» Try it
Print the data exactly. Omit the pictures.

» Recorded information
::::
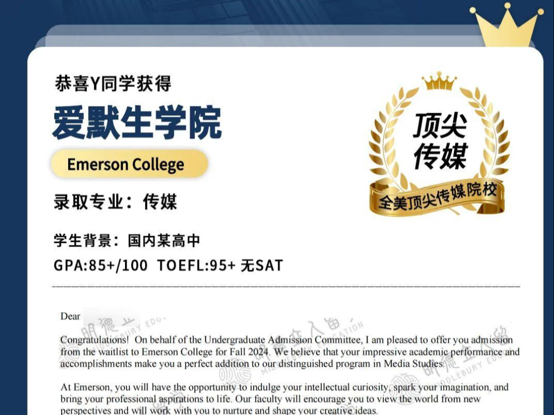 明德立人战绩|范德堡、埃默里、巴纳德转学offer!还有普高、托福95+转正「顶尖传媒」爱默生学院!
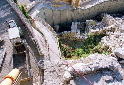 כיפתו של מסגד אל אקצא מתנוססת ממעל. אזור החפירות (צילום: יאן לוי)
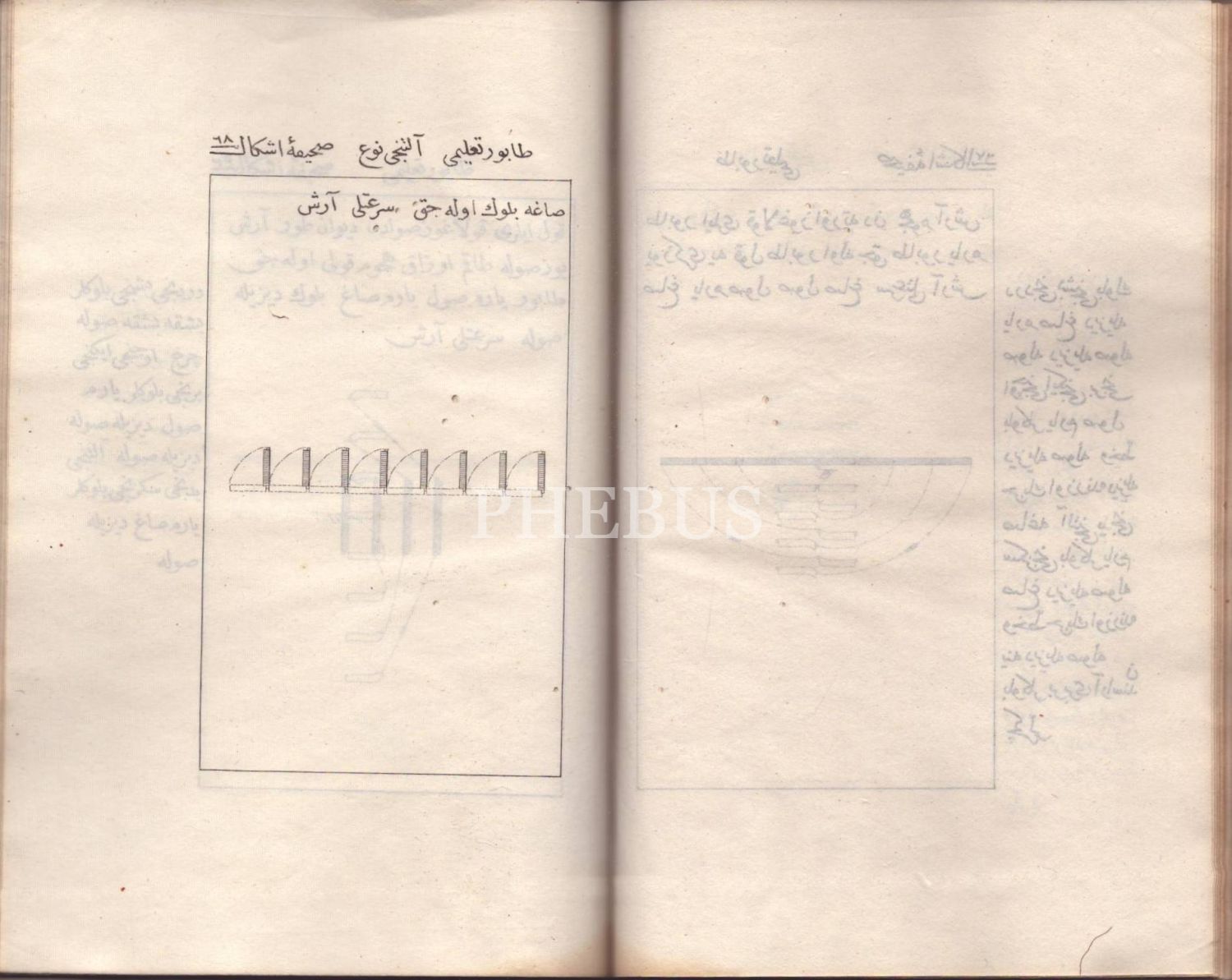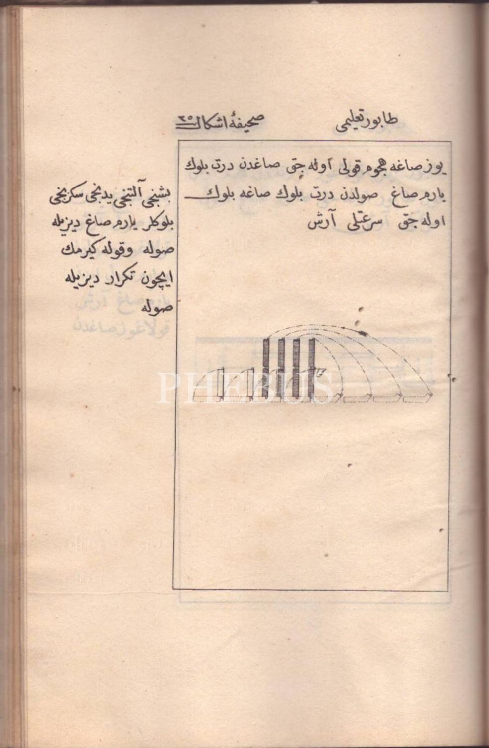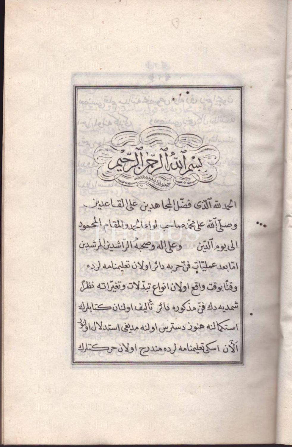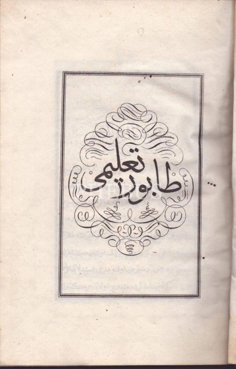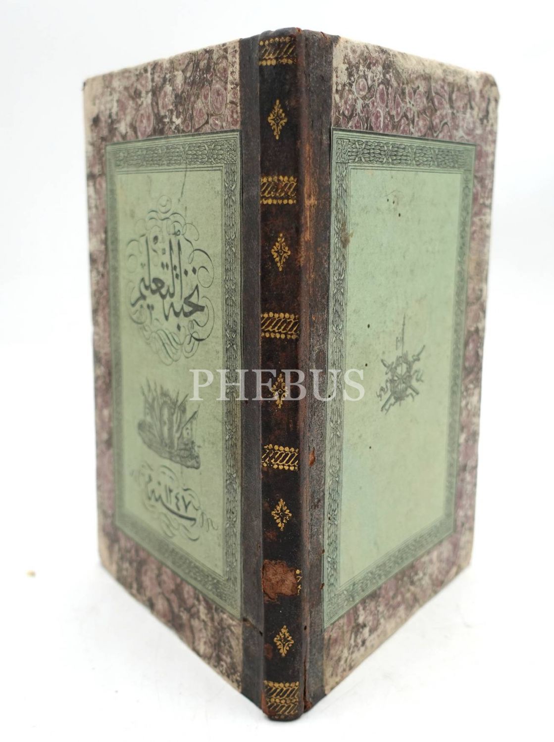 Deri sırtlı ve ebrulu cildinde, ilk taşbaskı kitabımız NUHBETÜ´T-TA´LÎM- TABUR TA´LÎMİ, Koca Hüsrev Paşa, 1247, 13 sayfa metin+79 sayfa planş/çizim, 13x20 cm
::::
» Answer for this exercise
 明德立人战绩|范德堡、埃默里、巴纳德转学offer!还有普高、托福95+转正「顶尖传媒」爱默生学院!
 כיפתו של מסגד אל אקצא מתנוססת ממעל. אזור החפירות (צילום: יאן לוי)
 Deri sırtlı ve ebrulu cildinde, ilk taşbaskı kitabımız NUHBETÜ´T-TA´LÎM- TABUR TA´LÎMİ, Koca Hüsrev Paşa, 1247, 13 sayfa metin+79 sayfa planş/çizim, 13x20 cm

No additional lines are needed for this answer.